Rea S. Hederman Jr. and Lindsey Boyd Killen Jul 24, 2018

This opinion piece appeared in The Hill, you can read the full piece here.

Members of Congress have famously failed to fulfill campaign promises to repair or replace the Affordable Care Act. Those unfulfilled promises have left states looking for new ways to fix their broken health-care systems. As Congress hems and haws on health care reform, states have been lining up to ask the Trump administration for administrative relief under the ACA’s innovation and Medicaid 1115 waivers.

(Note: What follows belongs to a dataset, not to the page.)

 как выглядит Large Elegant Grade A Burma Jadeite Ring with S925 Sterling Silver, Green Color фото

Too often, executive branch offices have denied or unduly delayed those requests. And now the federal judiciary has joined Congress and the administration in blocking states from enacting commonsense health care reforms. A recent decision by U.S. District Court Judge James Boasberg highlights the risks of relying solely on waiver requests and executive branch leniency, and it casts much of the waiver process into legal limbo.

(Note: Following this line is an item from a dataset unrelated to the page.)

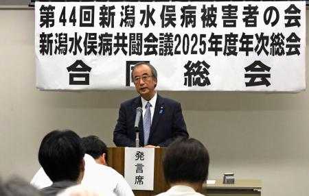 新潟水俣病の被害者らでつくる2団体が15日、新潟市で合同総会を開き、今後の活動方針を決めた。新潟水俣病が公式確認された5月31日に例年開催予定の式典に、環境相と原因企業の社長が毎年出席するよう求めることを確認した。

Boasberg’s ruling has stopped Kentucky from implementing its Medicaid waiver program for able-bodied beneficiaries, which the Centers for Medicare and Medicaid had already approved. The key component of Kentucky’s waiver request was a work and community engagement requirement for able-bodied Medicaid recipients, the first to receive federal approval. The Trump administration has encouraged such requirements, and 10 other states, including Ohio, have already filed similar waiver requests with Washington. Michigan is now preparing its own request, and others are doing the same.